Here’s a little insight into the reality of being a music critic in 2018: no one actually sends you their music anymore. When I started doing this job back in the waning days of the previous century, I soon ended up with more CDs than I ever wanted. In the past year or so, I think I received two.
So, when I get asked to write these Album of the Week reviews, I fire up the Internet machine and search Bandcamp for new Vancouver releases. This proactive approach often lets me discover music I would never have found otherwise.
And sometimes that music doesn’t seem to want to be found. Case in point: Dead Popstar, an act that doesn’t appear to have any online presence apart from its Bandcamp page. (Take my word for it, I looked, and you really don’t want to know what sort of depressing things you find when you search for “dead popstar”.) The project’s willful obscurity means I can’t tell you anything about it other than the fact that it puts out one release per year, every December, and that its bio reads simply “23, Goth.”
“Goth” is a pretty broad and nonspecific descriptor; what Dead Popstar makes is better defined as industrial music. Imagine Skinny Puppy without the shifting rhythms and caustic noise, or Nine Inch Nails with most of Trent Reznor’s commercial instincts excised.
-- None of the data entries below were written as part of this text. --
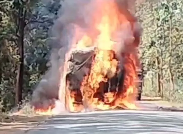 सुकमा। चलते ट्रक में टायर फटने के बाद भीषण आग लग गई, जिसके बाद ड्राइवर और हेल्पर ने गाड़ी से कूदकर अपनी जान बचाई, आग लगने का कारण टायर फटना बताया जा रहा है, सुकमा जिला के पकेला के पास NH 30 में ये घटना हुई है।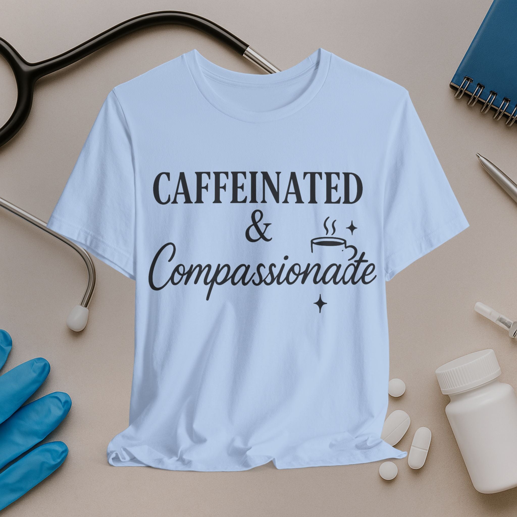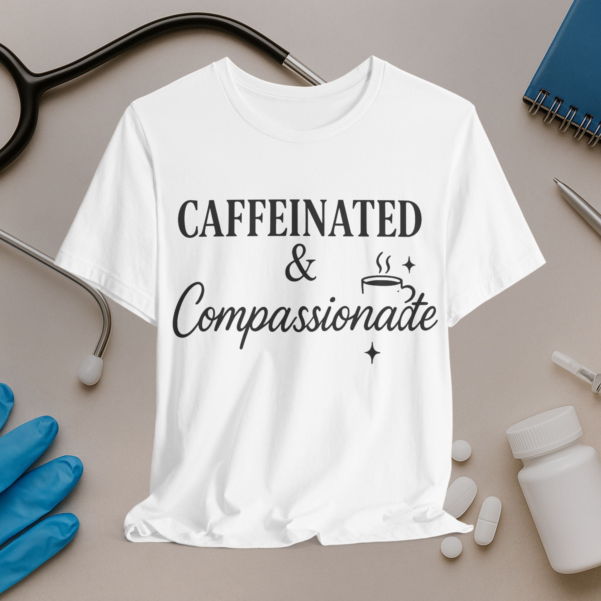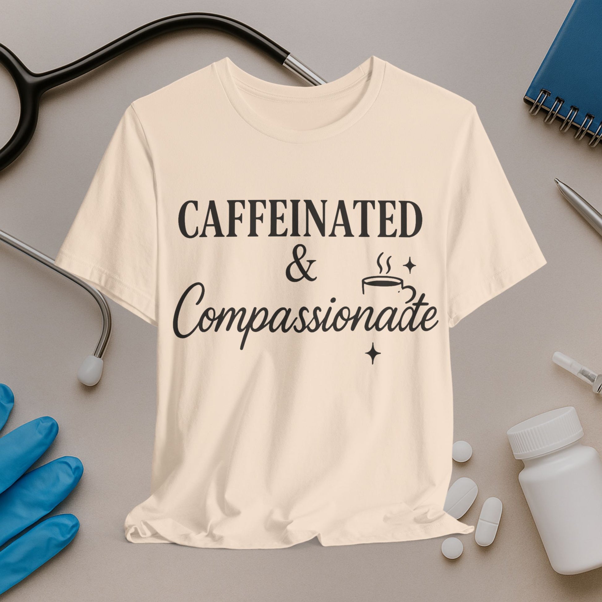 Caffeinated & Compassionate Tee for Nurses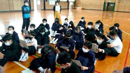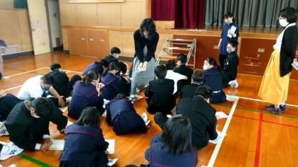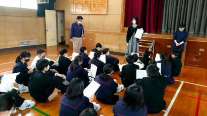 グループ散策の説明後、グループの班長さんが集まり、体験プログラムの抽選を行いました。イワナつかみなど、1ヶ所にグループが集中し、体験の順番待ちが生じないように、あらかじめ時間帯を決めておくとのこと。各グループで効率的な散策ルートを考えましょう。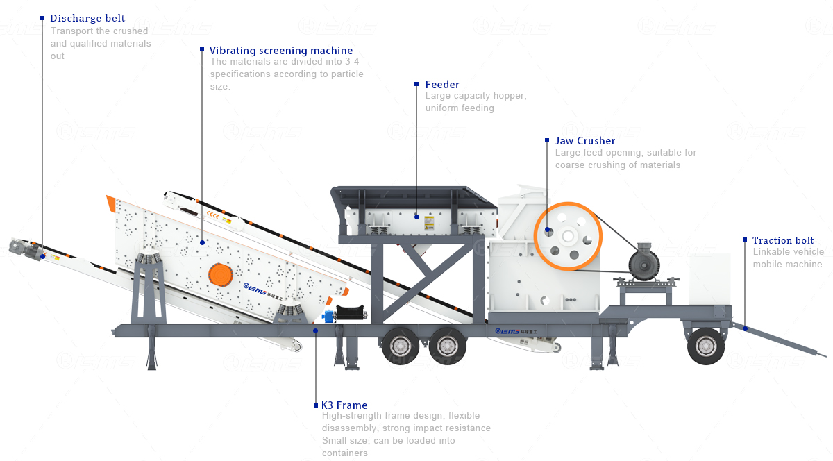 移動生產線每臺設備均配備車載皮帶機,運輸無需拆卸,到達現場可快速、整潔、有序的展開工作。
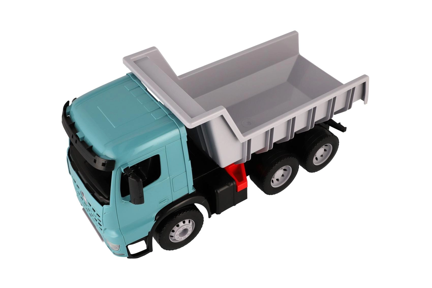 Stor plasttipvogn til børn fra 3 år med et realistisk udseende af MERCEDES-BENZ AROCS. Den tilbyder en rumlig ladkasse med praktisk lås mod utilsigtet tipning, holdbar konstruktion i kvalitetsplast og et moderne turkis-gråt design. Ideel til leg både inde og ude, til transport af sand, legetøj og fantasi.
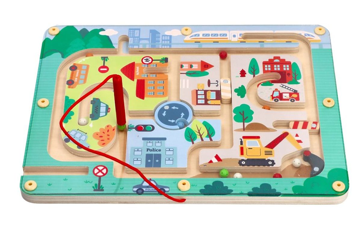 Magnetické bludiště je dřevěná deska s krásným potiskem, na kterou je položeno průhledné plastové sklíčko. Společně zabraňují vysypání kuliček ven. Magnetická tyčinka připojená k základně a spojená s ní šňůrkou má také své místo. Navíc mají kuličky dírky, což je činí lehkými a snadno pohyblivými. Skvělá kvalita za dobrou cenu.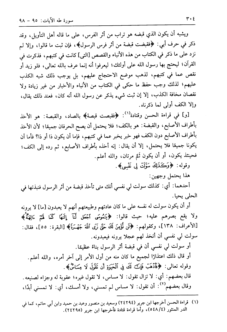 ويشبه أن يكون الذي قبضه هو تراب من أثر الفرس، على ما قاله أهل التأويل، وقد ذكر في حرف أبي: (فقبضت قبضة من أثر فرس الرسول)، فإن ثبت ما قالوا، وإلا لم نزد على ما ذكر في الكتاب من هذه الأنباء والقصص التي كانت في كتبهم، فذكرت في القرآن؛ ليحتج بها رسول اللَّه على أُولَئِكَ؛ ليعرفوا أنه إنما عرف باللَّه تعالى، فلو زيد أو نقص عما في كتبهم، لذهب موضع الاحتجاج عليهم، بل يوجب ذلك شبه الكذب عليهم؛ لذلك وجب حفظ ما حكى في الكتاب من الأنباء والأخبار من غير زيادة ولا نقصان مخافة الكذب، إلا إن ثبت شيء يذكر عن رسول اللَّه أنه كان، فعند ذلك يقال، وإلا الكف أولى لما ذكرناه.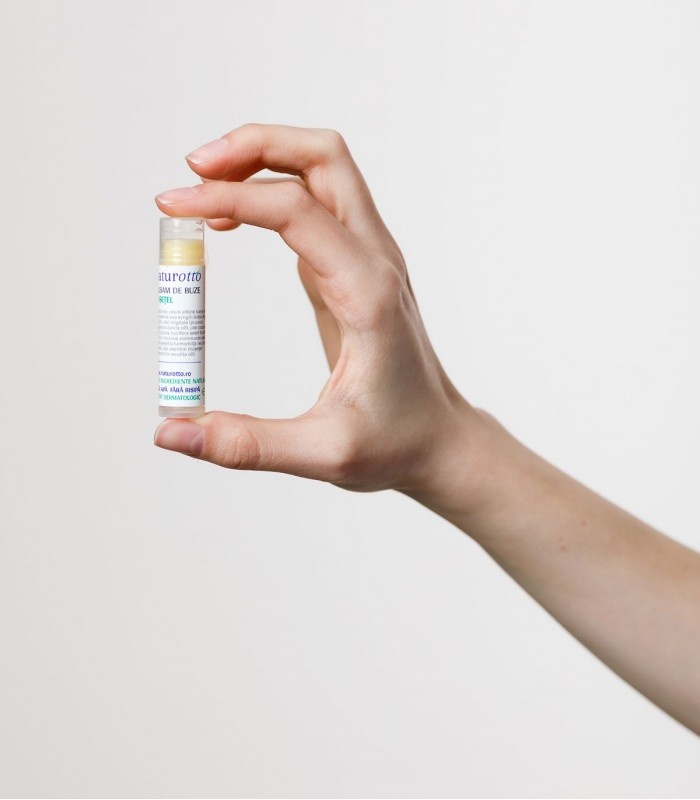Balsam de buze cu musetel, 4g, Naturotto Balsamul de buze cu mușețel ajută la refacerea pielii crăpate și uscate a buzelor, redându-le suplețea și aspectul sănătos. Acționează ca o barieră împotriva capriciilor vremii, precum vâtul sau temperaturile scăzute. Beneficii: hrănește buzele Ingrediente: ulei de măsline extravirgin*, ulei de migdale*, ulei de cocos virgin*, ulei de ricin, ulei de mușețel, ulei essential de mușetel, ceară de albine, * certificat organic. Fiecare ingredient din formula produsului are un rol activ benefic. Prin procesul de manufacturare folosit sunt păstrate toate proprietățile ingredientelor, nefiind procesate termic. Prezentare: 4g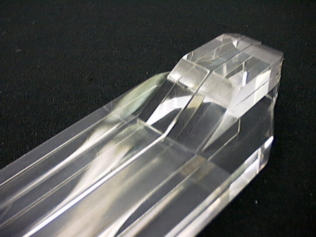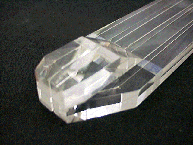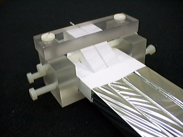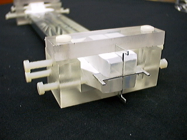 Bare scintillator assembly, showing the light-guide configuration used to connect the 4x1 scintillator geometry to the 2x2 photomultiplier geometry.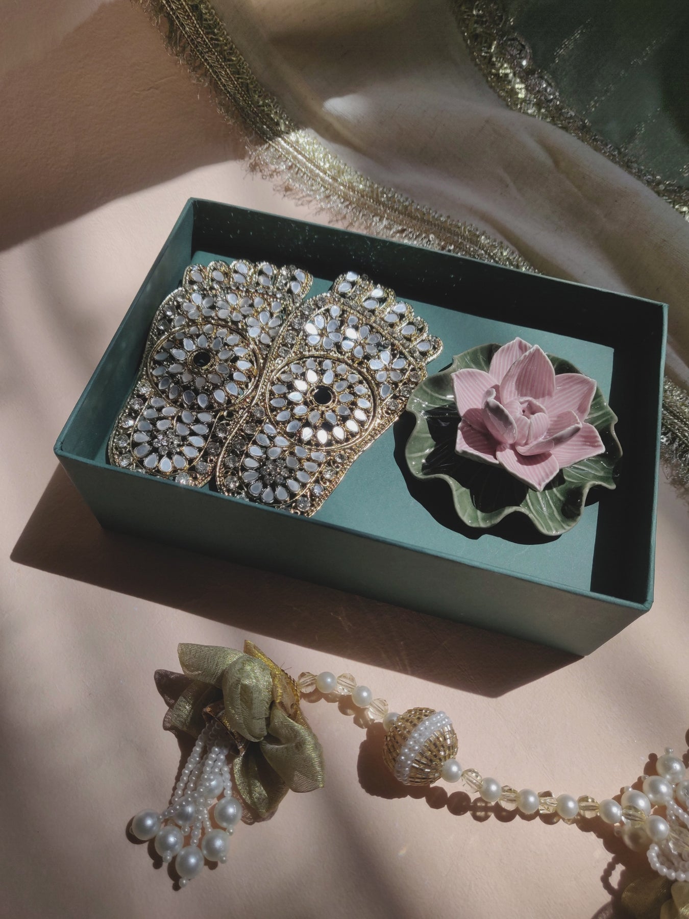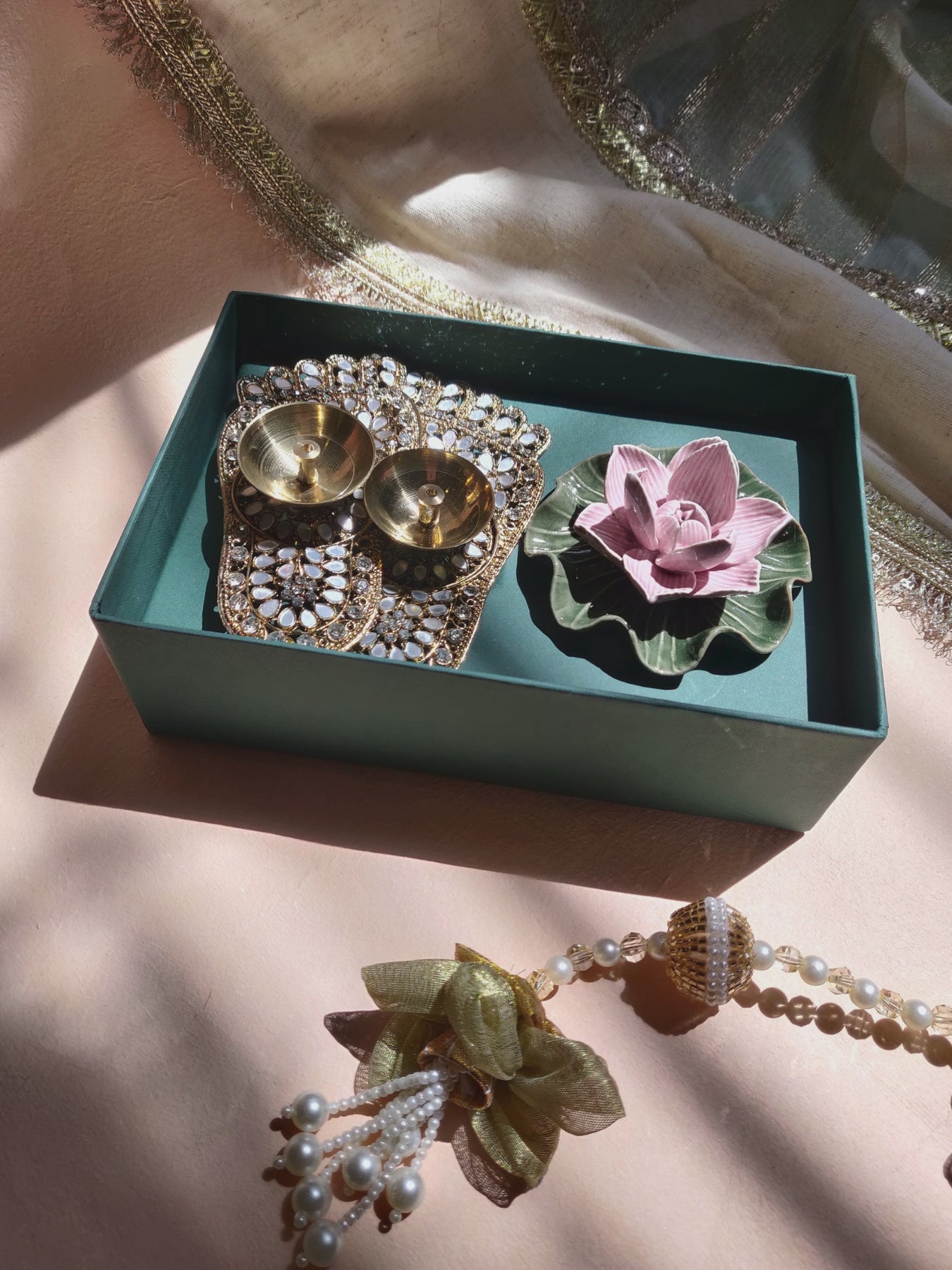 A soulful festive hamper featuring a Lotus Agarbatti Stand and Lakshmi Charan Mirror Diya - perfect to light up your pooja space with positivity and grace.
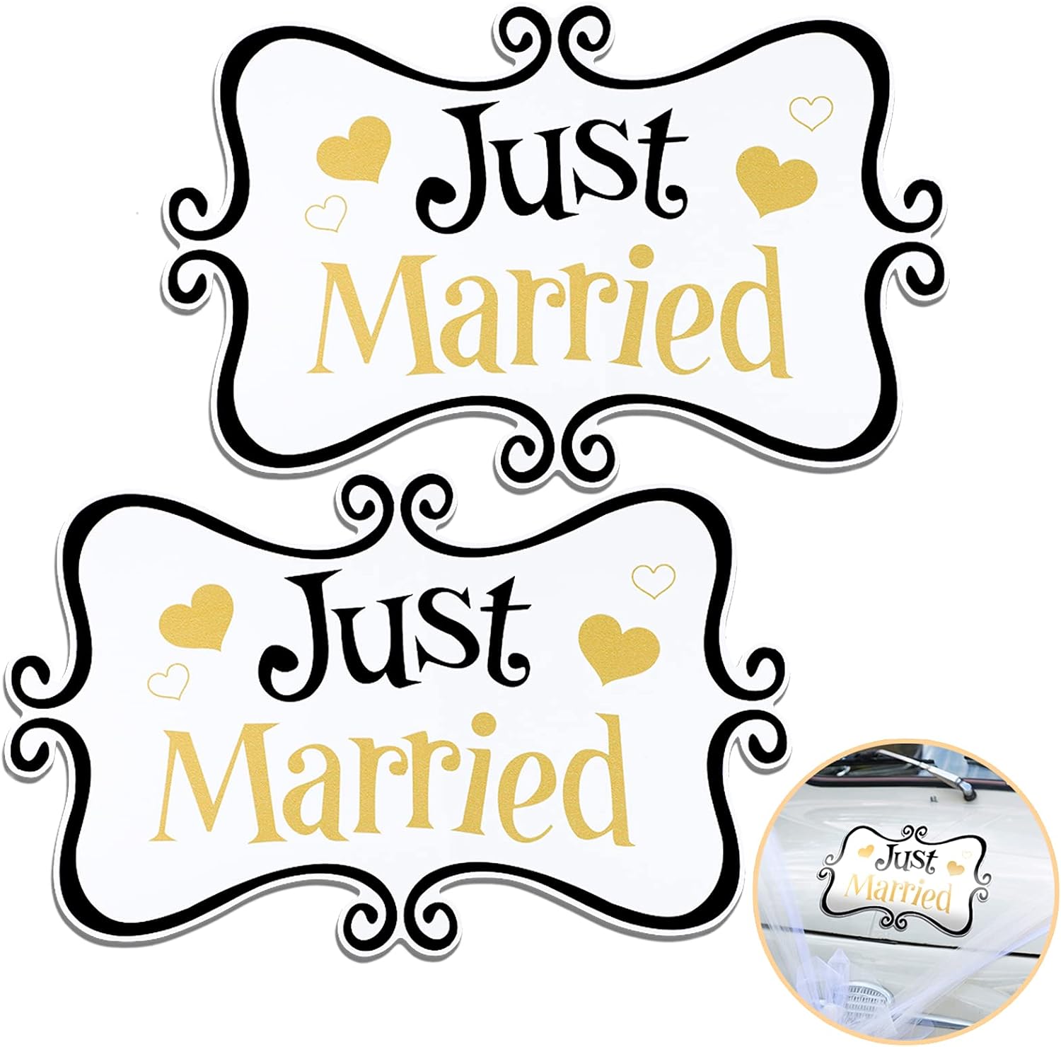 • Beautiful appearance: the color of the delicate wedding car decal include black and gold, and the decal comes with words [just married], there are laces and heart-shaped patterns around the words, which can create a romantic atmosphere for your wedding car decoration

What’s left is a collection of abrasive soundscapes characterized by droning noise and looped beats, punctuated at odd intervals by brooding lyrics about fear and sickness and drugs. Put these tracks on your “depressing” playlist alongside deep cuts from Scorn’s Gyral and the Cure’s Pornography. If you don’t have a “depressing” playlist, you probably wouldn’t be interested in an album called Suicide Forest anyway.